[Opening Records supplied section]

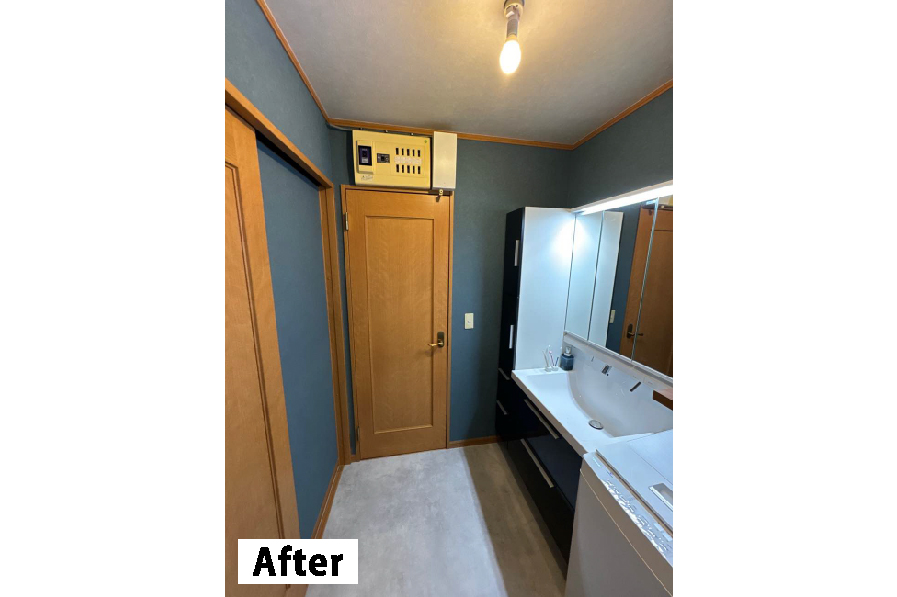 壁クロスをネイビー、床を薄いグレー、化粧台の扉色を深いグレーとして
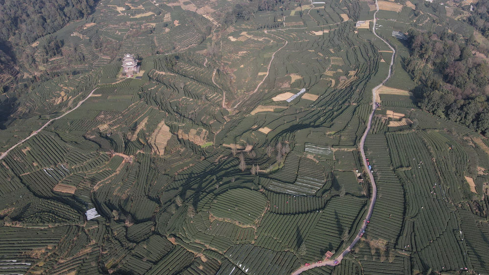 这是位于雅安市名山区红星镇的万亩观光生态茶园(无人机照片)。新华社记者 胥冰洁 摄
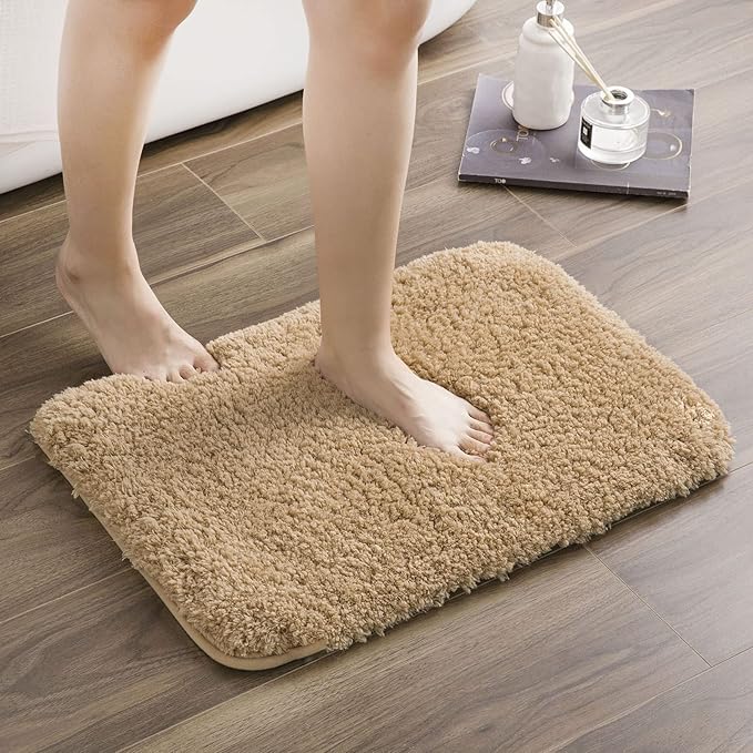 Phantoscope バスマット 速乾 お風呂マット 足拭きマット 吸水 滑り止め 丸洗い可能 抗菌 防臭 厚手 ふわふわ 風呂 浴室 台所 洗面台 玄関 ドア 赤ちゃん 8色展開 ベージュ S (約43 60CM) | KAZESHOP
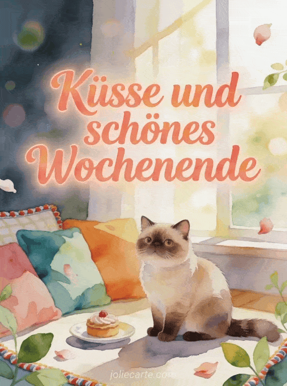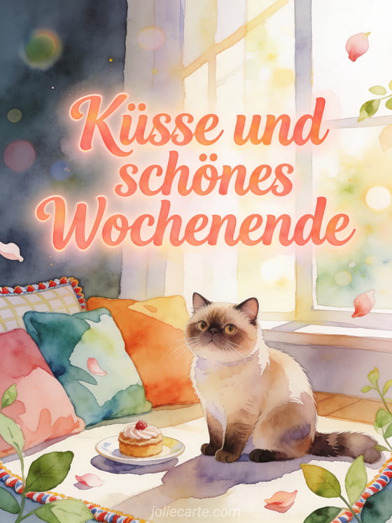 Sende eine gemütliche Wochenendkarte mit fröhlichem Aquarellschriftzug, einer Exotic-Shorthair-Katze, bunten Kissen und einem kleinen Teller mit Gebäck. Entdecke auch eine schönes Wochenende Küsschen GIF, eine schönes wochenende mit humor wünschen oder eine humor schönes wochenende foto.
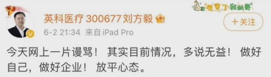 面对呼啸而来的质疑之声,刘方毅显得较为淡定。6月2日,英科医疗股价跌停后,刘方毅发了一条微博“其实目前情况,多说无益!做好自己,做好企业!放平心态”,作为对投资者质疑的回应。
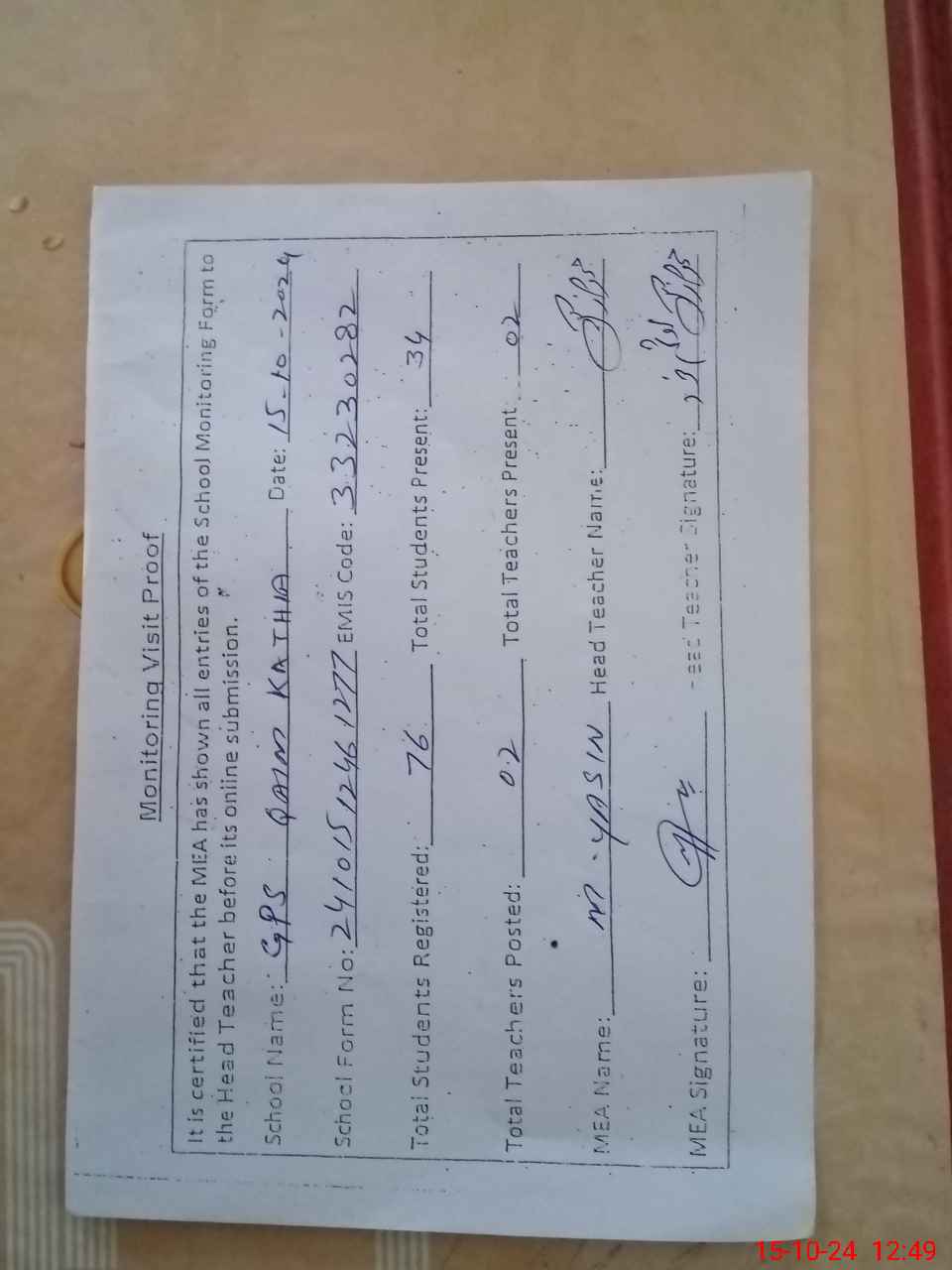 | Attendance Register | Head Teacher | MEA with School | Visit Proof |
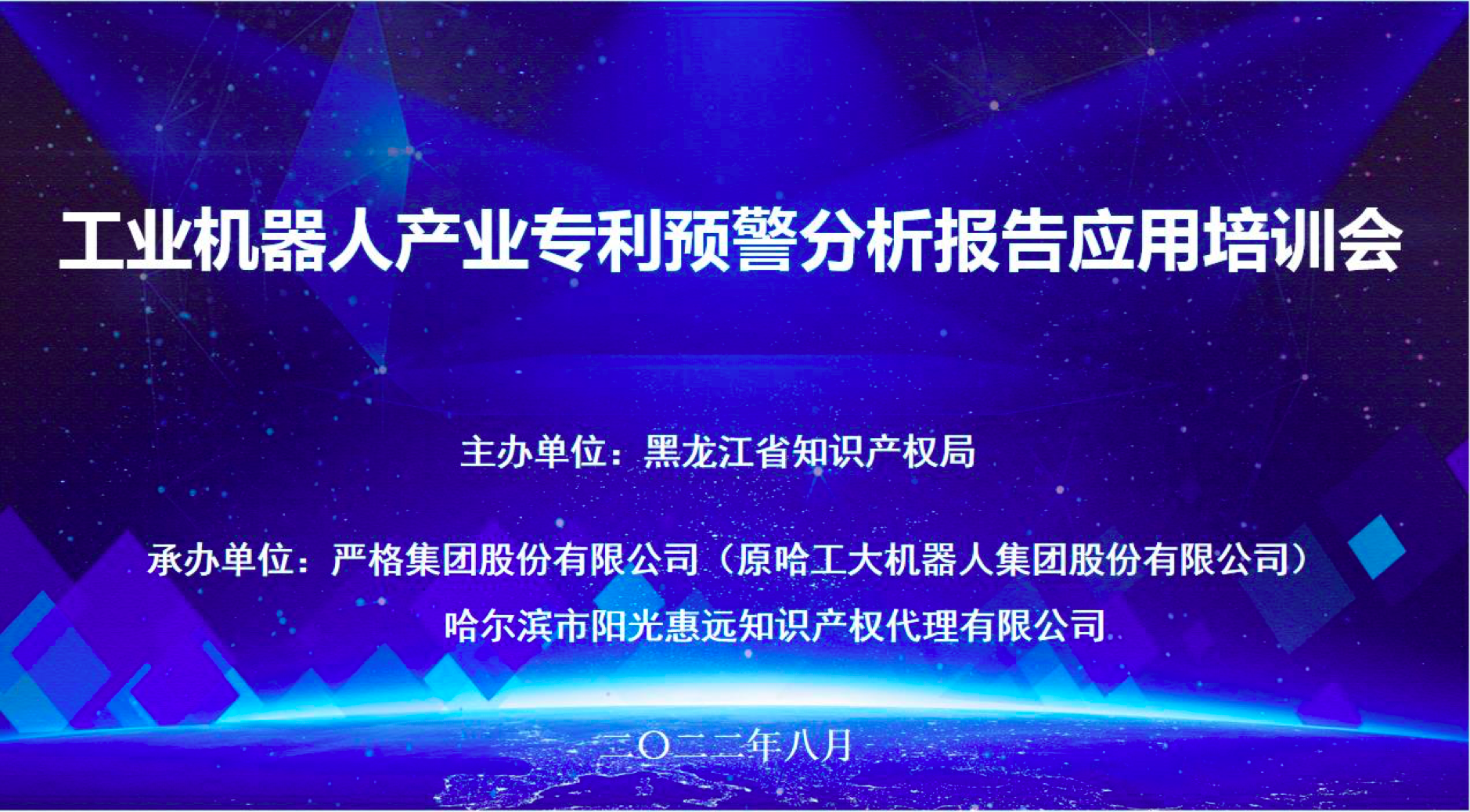 2022年8月2日,工業機器人產業專利預警分析報告應用培訓會在哈爾濱市成功舉辦,省知識產權局、發改委、國資委、衛健委、教育廳、科技廳、工信廳,各市(地)知識產權局,相關高校及企事業單位近200名代表參會。工業機器人產業專利...

[Closing Records supplied section]

§ Exercise description
Reproduce the listing word for word, but keep the pictures out of it.

§ Solution to the exercise
 壁クロスをネイビー、床を薄いグレー、化粧台の扉色を深いグレーとして
 这是位于雅安市名山区红星镇的万亩观光生态茶园(无人机照片)。新华社记者 胥冰洁 摄
 Phantoscope バスマット 速乾 お風呂マット 足拭きマット 吸水 滑り止め 丸洗い可能 抗菌 防臭 厚手 ふわふわ 風呂 浴室 台所 洗面台 玄関 ドア 赤ちゃん 8色展開 ベージュ S (約43 60CM) | KAZESHOP
 Sende eine gemütliche Wochenendkarte mit fröhlichem Aquarellschriftzug, einer Exotic-Shorthair-Katze, bunten Kissen und einem kleinen Teller mit Gebäck. Entdecke auch eine schönes Wochenende Küsschen GIF, eine schönes wochenende mit humor wünschen oder eine humor schönes wochenende foto.
 面对呼啸而来的质疑之声,刘方毅显得较为淡定。6月2日,英科医疗股价跌停后,刘方毅发了一条微博“其实目前情况,多说无益!做好自己,做好企业!放平心态”,作为对投资者质疑的回应。
 | Attendance Register | Head Teacher | MEA with School | Visit Proof |
 2022年8月2日,工業機器人產業專利預警分析報告應用培訓會在哈爾濱市成功舉辦,省知識產權局、發改委、國資委、衛健委、教育廳、科技廳、工信廳,各市(地)知識產權局,相關高校及企事業單位近200名代表參會。工業機器人產業專利...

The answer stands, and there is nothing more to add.